Das ist nun zwar vorbei, doch der Unfall und die dramatischen Folgen sind immer Thema in der Familie. »Es vergeht eigentlich kein Tag, an dem mein Mann und ich nicht darüber sprechen. Meistens abends, wenn Luca im Bett ist.« Denn es stehen permanent weitere Behandlungen und Operationen an. Narbengewebe wächst nur eingeschränkt mit. Besonders betroffen sind Lucas Hals, die Arme und der untere Teil seines Gesichts. »Wir sind so froh, dass er die Augen geschlossen hatte, als die Stichflamme kam. Ansonsten wäre er jetzt wahrscheinlich blind.« Und Dr.

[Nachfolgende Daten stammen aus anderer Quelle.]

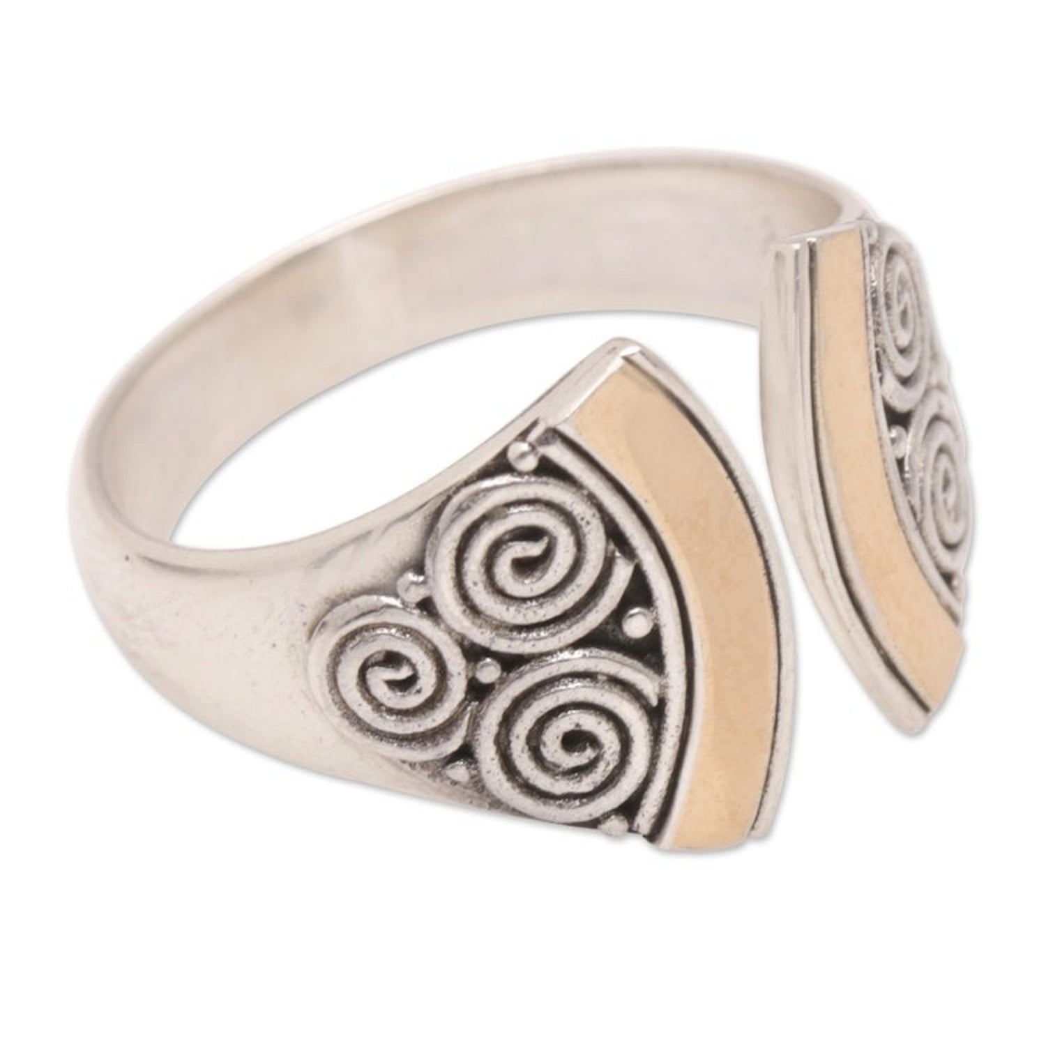 Balinese 18k Gold-Accented Sterling Silver Wrap Ring 'Split Ax'

Krohn ist sie dankbar, dass er nicht sofort das komplette Gesicht transplantieren wollte. »Er sagte zu uns: 'Ich würde gerne abwarten, wie es sich im oberen Teil verhält.' Wir haben ihm einfach vertraut.« Und das war die richtige Entscheidung.

Auf die Frage, wie stark dieser Unfall ihr Leben verändert hat, sagt Julia: »Zu 100 Prozent. Wir fühlen uns nur noch gehetzt und gestresst.« Sie spricht für sich und ihren Mann. Luca sieht es gelassener – wie viele Kinder in einer Ausnahmesituation. Der Neunjährige freut sich einfach, dass er wieder in seine Schule, die Montessorischule in Traunstein, gehen kann, sich mit Freunden treffen kann und Tennis spielen darf. Sein größter Wunsch ist, Dr. Benx zu treffen. »Das wäre ein Traum«, sagt Luca. Denn der Youtube-Star hat ihn in vielen schweren Stunden – im Krankenhaus, aber auch zu Hause – abgelenkt.

Für Mama Julia ist vor allem wichtig, aufmerksam zu machen auf die Gefahren, die von Feuer ausgehen können – gerade jetzt in der Weihnachtszeit. »Wir haben ein Mädchen kennengelernt, von dem ist nicht mehr viel übrig. Es hat sich an einem kleinen Teelicht entzündet.« Und zu ihrer Geschichte betont sie: »Niemals Spiritus ins Feuer gießen, wirklich niemals!« Denn die Folgen können dramatisch sein.